-------- The data --------

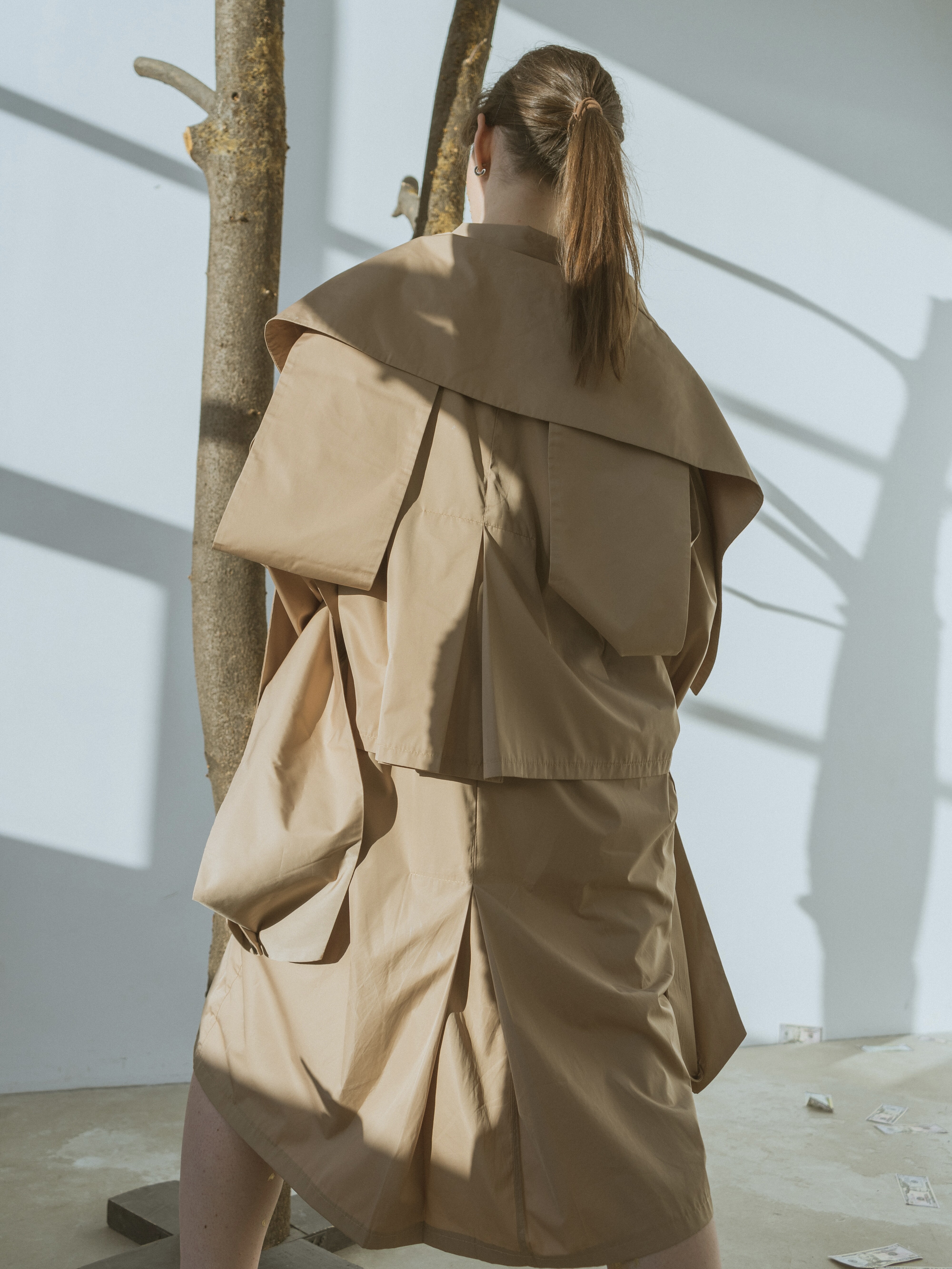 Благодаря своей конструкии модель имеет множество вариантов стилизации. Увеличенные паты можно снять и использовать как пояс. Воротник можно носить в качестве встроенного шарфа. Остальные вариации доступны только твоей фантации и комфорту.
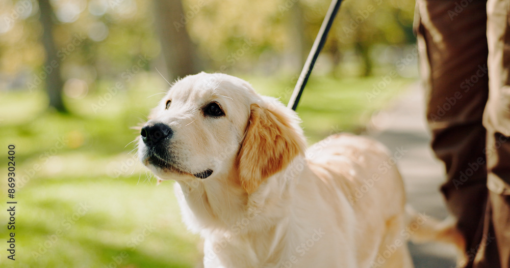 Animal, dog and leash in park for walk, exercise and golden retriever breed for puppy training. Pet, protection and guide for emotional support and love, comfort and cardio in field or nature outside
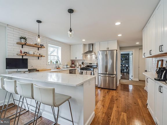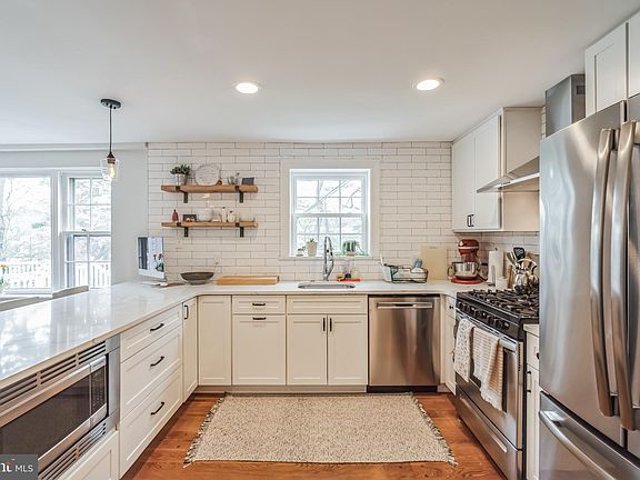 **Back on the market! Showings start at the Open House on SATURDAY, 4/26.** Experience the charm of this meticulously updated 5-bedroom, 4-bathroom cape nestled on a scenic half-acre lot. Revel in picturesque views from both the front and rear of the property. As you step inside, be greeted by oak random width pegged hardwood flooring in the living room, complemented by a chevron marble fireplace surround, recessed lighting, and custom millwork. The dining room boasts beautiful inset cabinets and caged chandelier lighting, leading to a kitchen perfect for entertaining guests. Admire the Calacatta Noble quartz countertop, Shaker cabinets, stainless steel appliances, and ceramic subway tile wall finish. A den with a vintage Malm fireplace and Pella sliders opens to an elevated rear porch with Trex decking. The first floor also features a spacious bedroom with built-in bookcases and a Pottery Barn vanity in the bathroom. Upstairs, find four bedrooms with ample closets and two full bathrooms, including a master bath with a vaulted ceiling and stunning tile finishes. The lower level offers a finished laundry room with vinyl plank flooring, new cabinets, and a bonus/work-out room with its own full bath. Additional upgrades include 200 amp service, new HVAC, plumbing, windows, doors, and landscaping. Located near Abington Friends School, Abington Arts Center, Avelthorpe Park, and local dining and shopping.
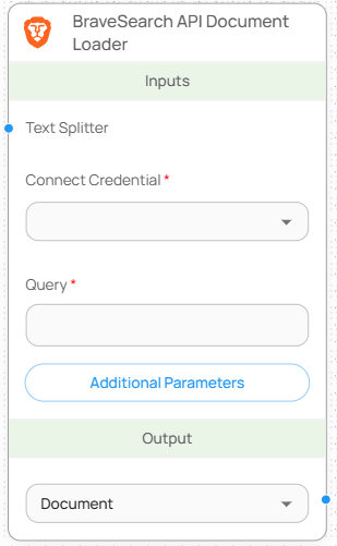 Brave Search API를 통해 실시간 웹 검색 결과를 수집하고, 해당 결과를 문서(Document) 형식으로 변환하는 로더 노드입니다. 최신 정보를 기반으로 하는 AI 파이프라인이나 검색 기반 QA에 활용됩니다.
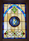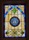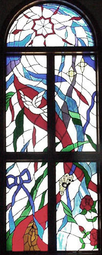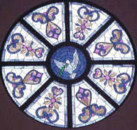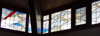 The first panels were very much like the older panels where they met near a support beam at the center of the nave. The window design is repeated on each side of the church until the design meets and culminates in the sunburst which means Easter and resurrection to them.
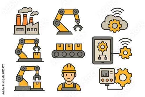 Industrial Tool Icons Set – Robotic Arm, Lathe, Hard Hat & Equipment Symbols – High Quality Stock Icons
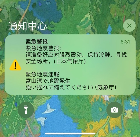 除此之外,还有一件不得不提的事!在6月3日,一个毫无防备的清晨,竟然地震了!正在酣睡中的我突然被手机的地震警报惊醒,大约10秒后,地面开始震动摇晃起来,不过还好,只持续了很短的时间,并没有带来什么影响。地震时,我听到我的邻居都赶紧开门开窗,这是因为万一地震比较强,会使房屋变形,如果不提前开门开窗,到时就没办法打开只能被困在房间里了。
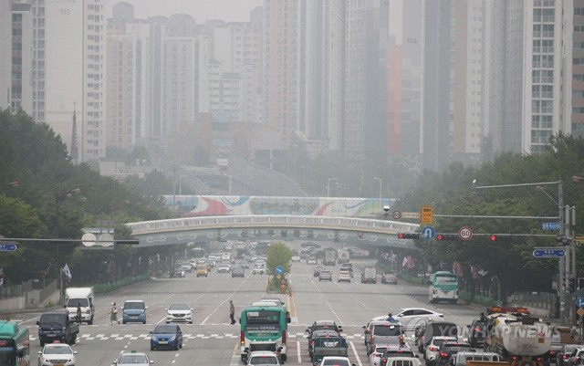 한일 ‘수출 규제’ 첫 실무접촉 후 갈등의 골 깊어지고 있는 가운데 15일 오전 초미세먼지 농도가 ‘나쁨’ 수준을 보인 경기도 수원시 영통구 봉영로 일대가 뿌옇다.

--------
-------- The data --------

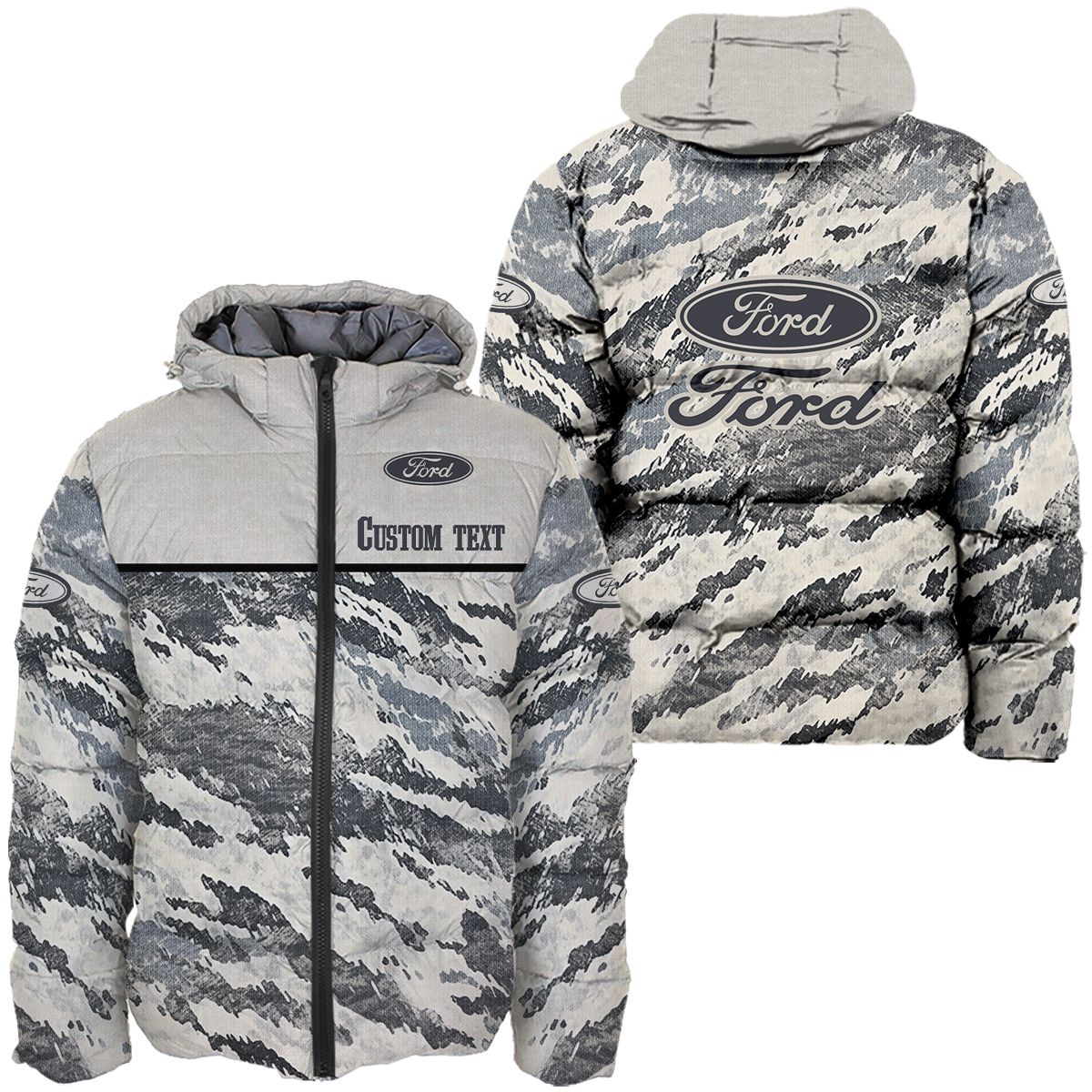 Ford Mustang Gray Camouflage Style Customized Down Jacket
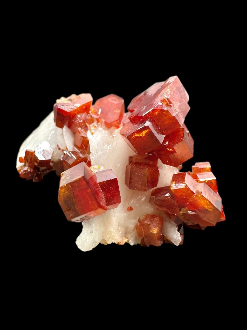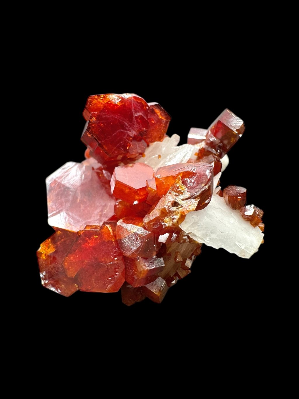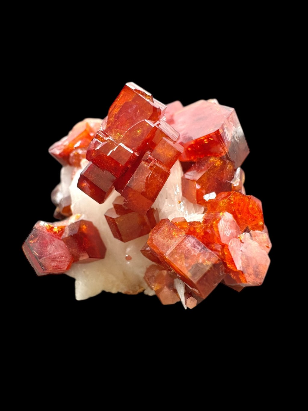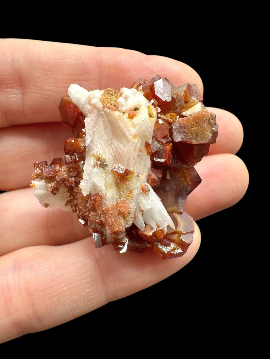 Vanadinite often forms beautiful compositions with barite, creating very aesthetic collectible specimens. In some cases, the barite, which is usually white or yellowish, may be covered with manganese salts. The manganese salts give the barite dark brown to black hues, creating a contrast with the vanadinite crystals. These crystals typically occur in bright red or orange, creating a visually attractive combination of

--------
-------- The data --------

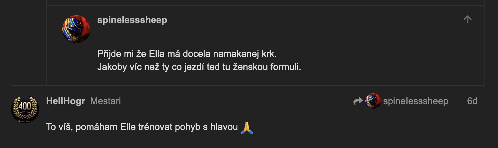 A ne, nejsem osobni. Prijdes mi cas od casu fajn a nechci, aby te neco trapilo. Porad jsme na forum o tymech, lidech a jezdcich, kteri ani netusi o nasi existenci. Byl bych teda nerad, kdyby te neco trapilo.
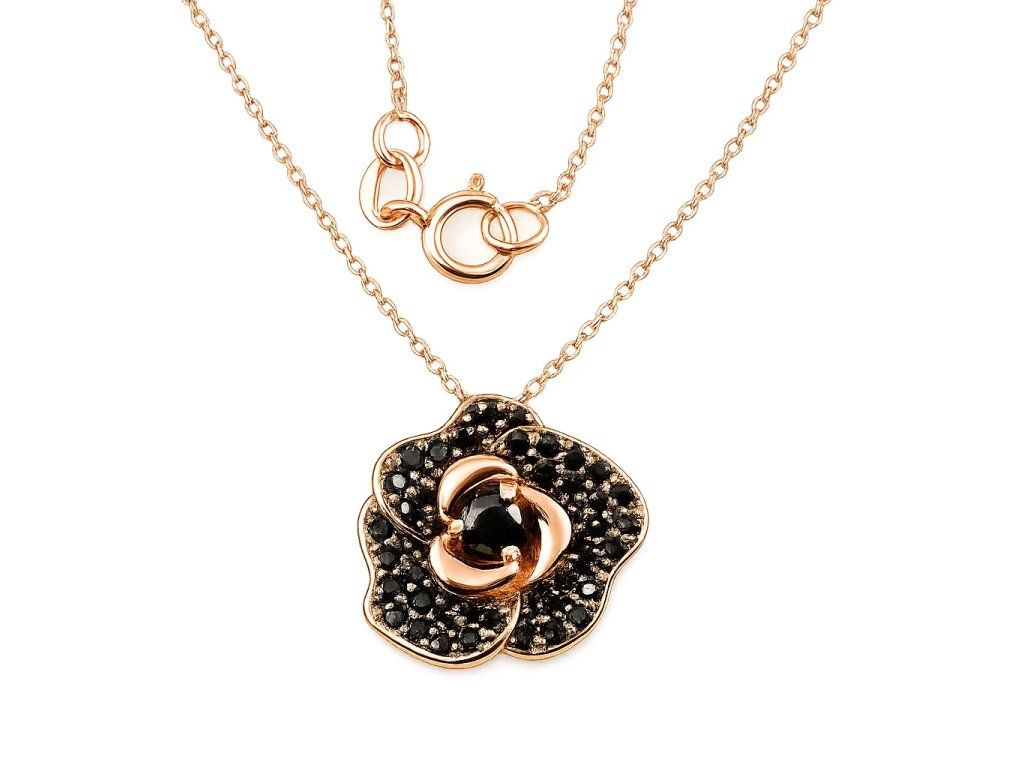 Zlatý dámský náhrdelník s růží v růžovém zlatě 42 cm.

--------

Try it: Pictures do not belong in the answer. Return the lines above starting at the one with "Industrial Tool Icons" and ending at the one with "한일 ‘수출 규제’ 첫", both kept, exactly.

Solution:
 Industrial Tool Icons Set – Robotic Arm, Lathe, Hard Hat & Equipment Symbols – High Quality Stock Icons
 除此之外,还有一件不得不提的事!在6月3日,一个毫无防备的清晨,竟然地震了!正在酣睡中的我突然被手机的地震警报惊醒,大约10秒后,地面开始震动摇晃起来,不过还好,只持续了很短的时间,并没有带来什么影响。地震时,我听到我的邻居都赶紧开门开窗,这是因为万一地震比较强,会使房屋变形,如果不提前开门开窗,到时就没办法打开只能被困在房间里了。
 한일 ‘수출 규제’ 첫 실무접촉 후 갈등의 골 깊어지고 있는 가운데 15일 오전 초미세먼지 농도가 ‘나쁨’ 수준을 보인 경기도 수원시 영통구 봉영로 일대가 뿌옇다.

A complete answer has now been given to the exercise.